Task input —
-=-=-=-=-
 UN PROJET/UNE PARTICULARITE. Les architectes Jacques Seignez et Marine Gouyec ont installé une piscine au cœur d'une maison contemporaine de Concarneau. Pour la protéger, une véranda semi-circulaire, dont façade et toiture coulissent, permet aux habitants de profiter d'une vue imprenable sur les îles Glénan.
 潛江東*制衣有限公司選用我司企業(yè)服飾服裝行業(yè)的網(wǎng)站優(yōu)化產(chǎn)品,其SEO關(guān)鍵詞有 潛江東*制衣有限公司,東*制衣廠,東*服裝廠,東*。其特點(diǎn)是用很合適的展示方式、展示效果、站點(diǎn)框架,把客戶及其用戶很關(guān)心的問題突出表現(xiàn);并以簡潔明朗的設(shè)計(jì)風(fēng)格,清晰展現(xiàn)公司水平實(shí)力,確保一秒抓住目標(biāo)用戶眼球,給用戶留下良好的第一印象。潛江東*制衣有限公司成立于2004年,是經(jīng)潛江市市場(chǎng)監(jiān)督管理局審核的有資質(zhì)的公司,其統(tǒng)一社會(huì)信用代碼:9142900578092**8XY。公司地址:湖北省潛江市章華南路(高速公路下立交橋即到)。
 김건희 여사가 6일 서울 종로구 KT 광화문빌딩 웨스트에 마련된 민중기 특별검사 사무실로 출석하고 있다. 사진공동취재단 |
-=-=-=-=-
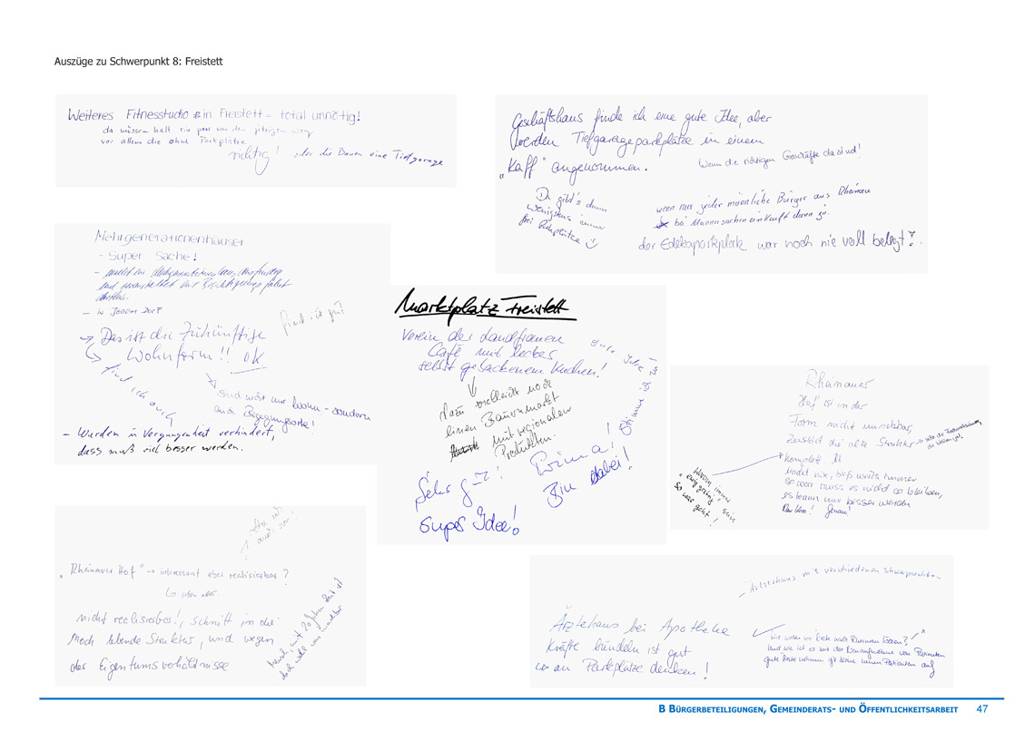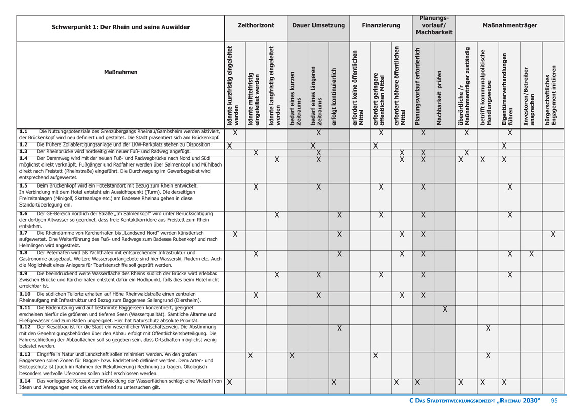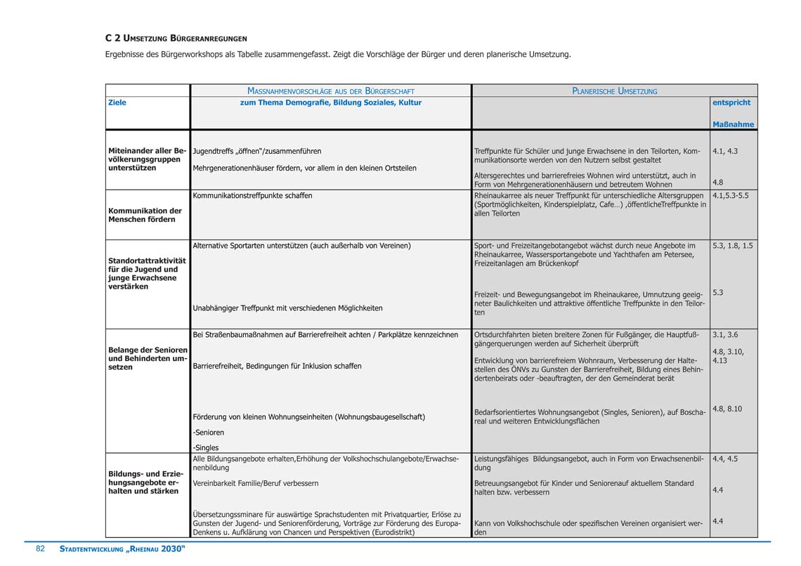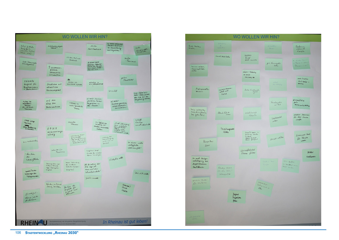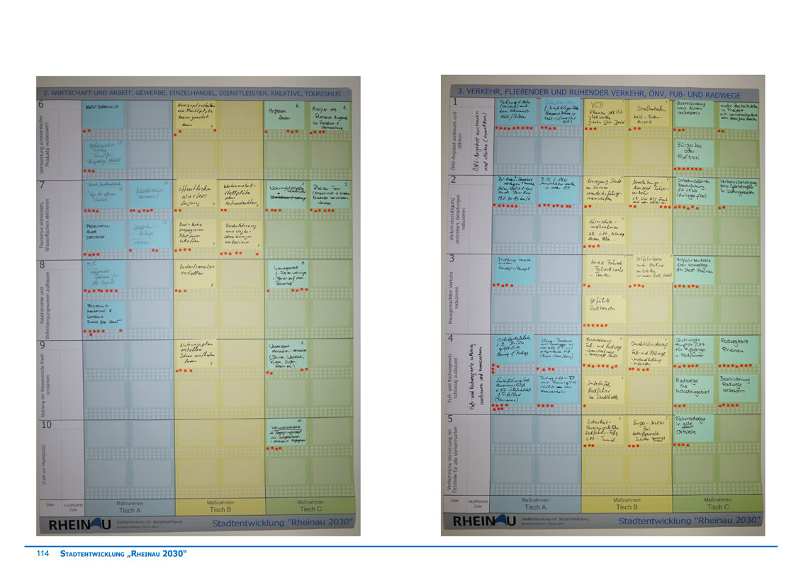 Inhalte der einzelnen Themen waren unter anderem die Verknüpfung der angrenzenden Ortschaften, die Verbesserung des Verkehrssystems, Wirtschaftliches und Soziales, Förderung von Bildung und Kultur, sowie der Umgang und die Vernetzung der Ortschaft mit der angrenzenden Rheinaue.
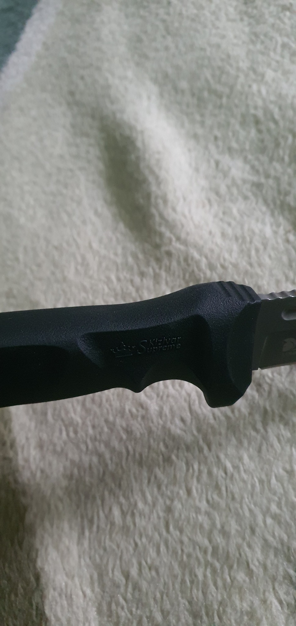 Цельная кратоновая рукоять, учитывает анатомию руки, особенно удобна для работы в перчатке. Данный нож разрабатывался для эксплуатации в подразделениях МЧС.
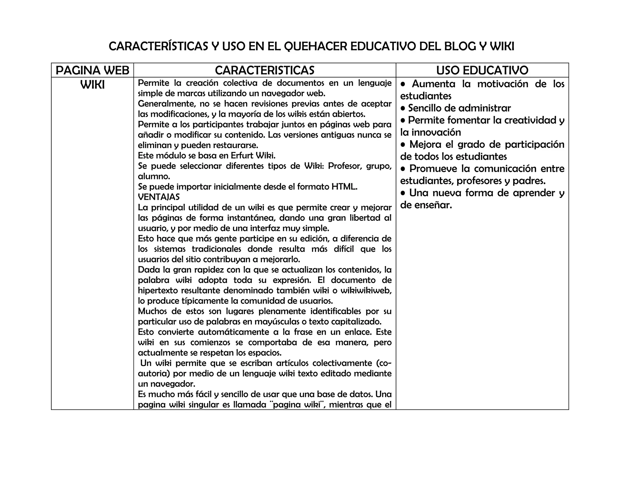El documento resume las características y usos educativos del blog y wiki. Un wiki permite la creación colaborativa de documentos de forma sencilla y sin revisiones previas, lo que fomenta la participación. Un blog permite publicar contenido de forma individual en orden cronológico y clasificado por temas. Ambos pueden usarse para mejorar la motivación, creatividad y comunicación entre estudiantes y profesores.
-=-=-=-=-
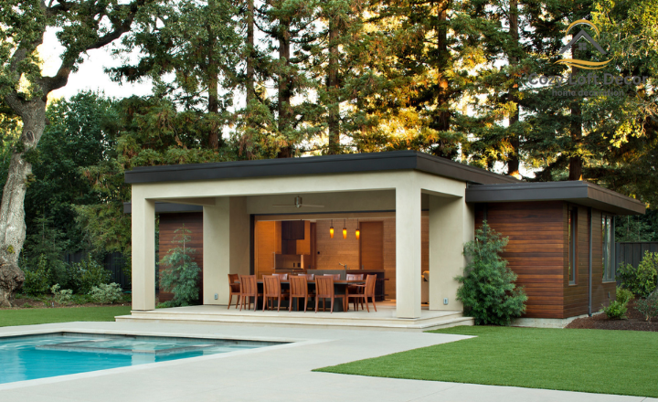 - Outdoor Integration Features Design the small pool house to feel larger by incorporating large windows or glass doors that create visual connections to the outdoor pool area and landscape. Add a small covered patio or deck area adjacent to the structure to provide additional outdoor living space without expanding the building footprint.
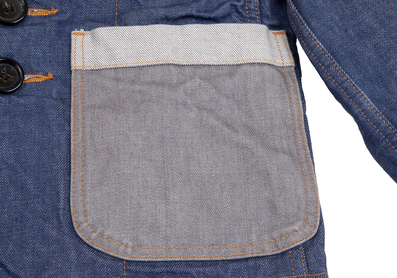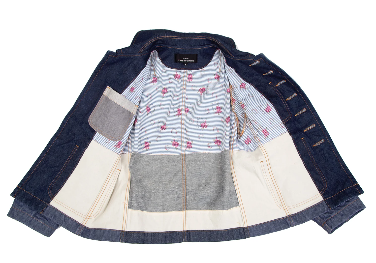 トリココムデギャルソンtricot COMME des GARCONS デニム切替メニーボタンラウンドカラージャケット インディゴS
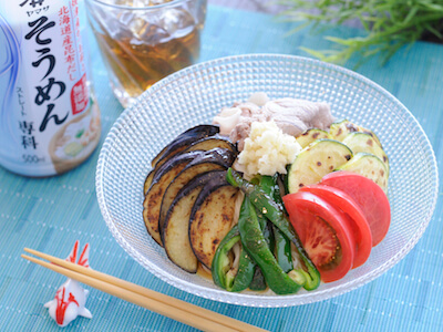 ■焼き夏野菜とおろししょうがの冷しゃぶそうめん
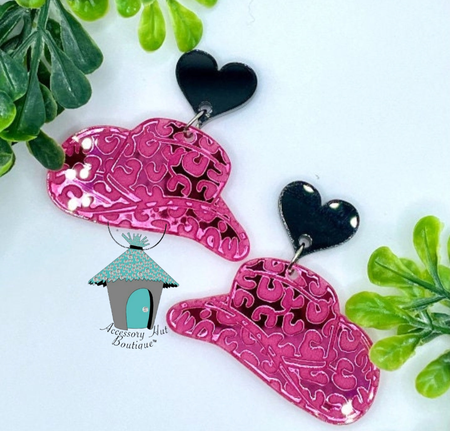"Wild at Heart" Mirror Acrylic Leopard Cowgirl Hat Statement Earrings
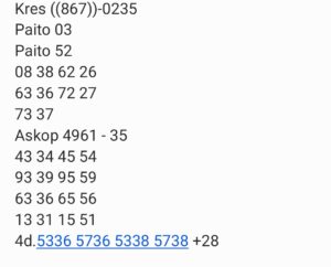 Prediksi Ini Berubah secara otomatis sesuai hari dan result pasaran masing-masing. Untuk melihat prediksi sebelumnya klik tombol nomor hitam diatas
-=-=-=-=-
Task objective — Beginning with the line above that contains "Hat Statement Earrings" and ending with the line that contains "Prediksi Ini Berubah", quote each line exactly, keeping out the pictures.

Answer for this exercise —
"Wild at Heart" Mirror Acrylic Leopard Cowgirl Hat Statement Earrings
 Prediksi Ini Berubah secara otomatis sesuai hari dan result pasaran masing-masing. Untuk melihat prediksi sebelumnya klik tombol nomor hitam diatas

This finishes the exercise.